MTP gain depends on architecture × hardware. Measured decode uplift: MoE +38% (M5) / +23% (M4); dense +16% (M5) but −7% (M4) — on the slower M4 GPU the dense draft overhead is not amortised. So MTP is a per-model, per-machine measurement, not a universal win.
The MLX server family is throughput-only here: mlx-lm has the best MLX decode but a 600 ms TTFT floor; mlx_vlm, vllm-mlx and omlx are knocked out by TTFT (2–11 s) and/or broken prefix-cache. llama.cpp dominates first-token latency (~60–120 ms).
Peak vs steady RAM. mlx-lm's RSS sits at ~14.5 GB steady but peaks at 26.4 GB (lazy KV allocation + compact MLX-4bit weights); llama.cpp pre-allocates the full context KV up front (~29 GB flat). At peak they are comparable — use RAMpk for memory-fit decisions, not the steady value.

Methodology & caveats

asiai bench --agentic-mode --runs 5, thinking disabled (chat_template_kwargs.enable_thinking=false), server context ≥ 65536.
One engine resident at a time (SOLO); page cache purged between GGUF runs that share a file.
Quant differs by machine (M5 Q4_K_S/Q4_K_XL, M4 Q5_K_XL) → absolute numbers are not comparable across machines, only within a block.
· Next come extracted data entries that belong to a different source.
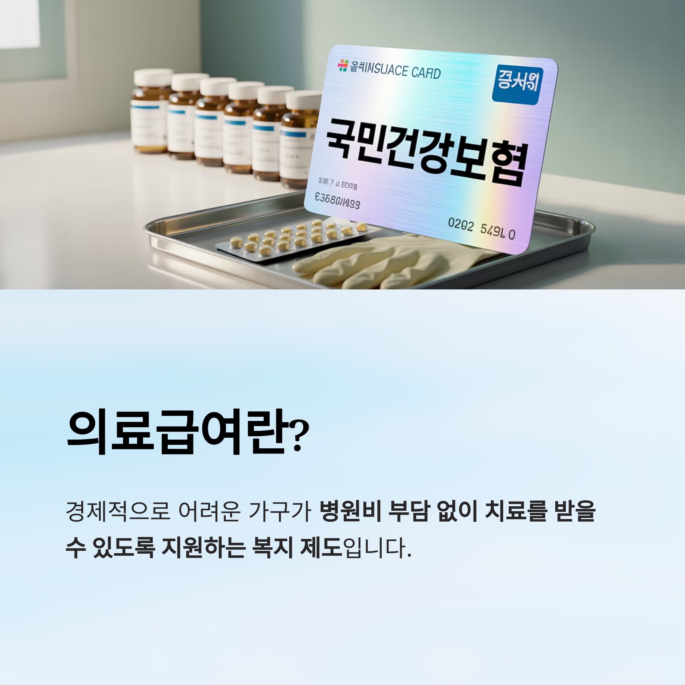 💡 의료비 부담이 큰 분들에게 국가에서 지원하는 **의료급여 제도**가 있어요. 특히 기초생활수급자와 차상위계층이라면 의료급여 혜택을 받을 수 있어요.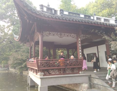月波亭就是一座凉亭,在这里休息的游客很多,一边吹着凉风,一边欣赏西湖美景,很是惬意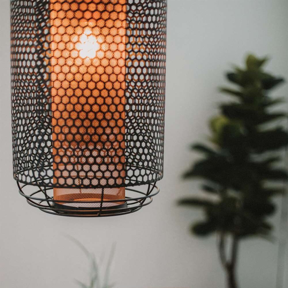Cage type lamp made of steel, with powder paint finishing.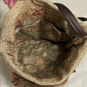 This unique handmade purse is fashioned from fabric remnants. There is a hidden magnetic closure to secure the bag, and the interior is very roomy. There are 2 slip pockets on the back wall of the purse. Measures approximately 13” across and 13-1/2” high. Drop on straps is approximately 12”.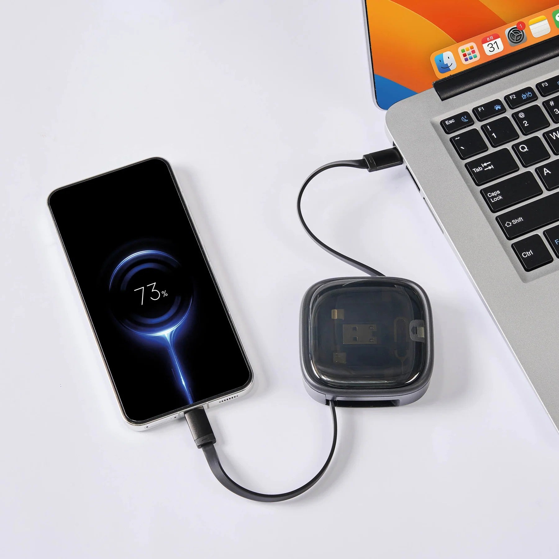 - What's included: 1M USB-C to USB-C Retractable Cable, interchangeable adapters (USB-C to Lightning adapter, USB-C to micro-USB adapter, and USB-C-to-USB-A adapters) and 1 x SIM card removal pin

High Power Mode is required on the M5 laptop (otherwise sustained GPU is throttled ~40%); the M4 mini desktop is roughly neutral to it.
Known instrumentation gaps (being fixed): peak RAM is missing (—) on some manually-launched llama.cpp servers; engine version is not yet stamped per run (shown here from a version map); prefix-cache reuse is a coarse fraction pending a true hit-rate.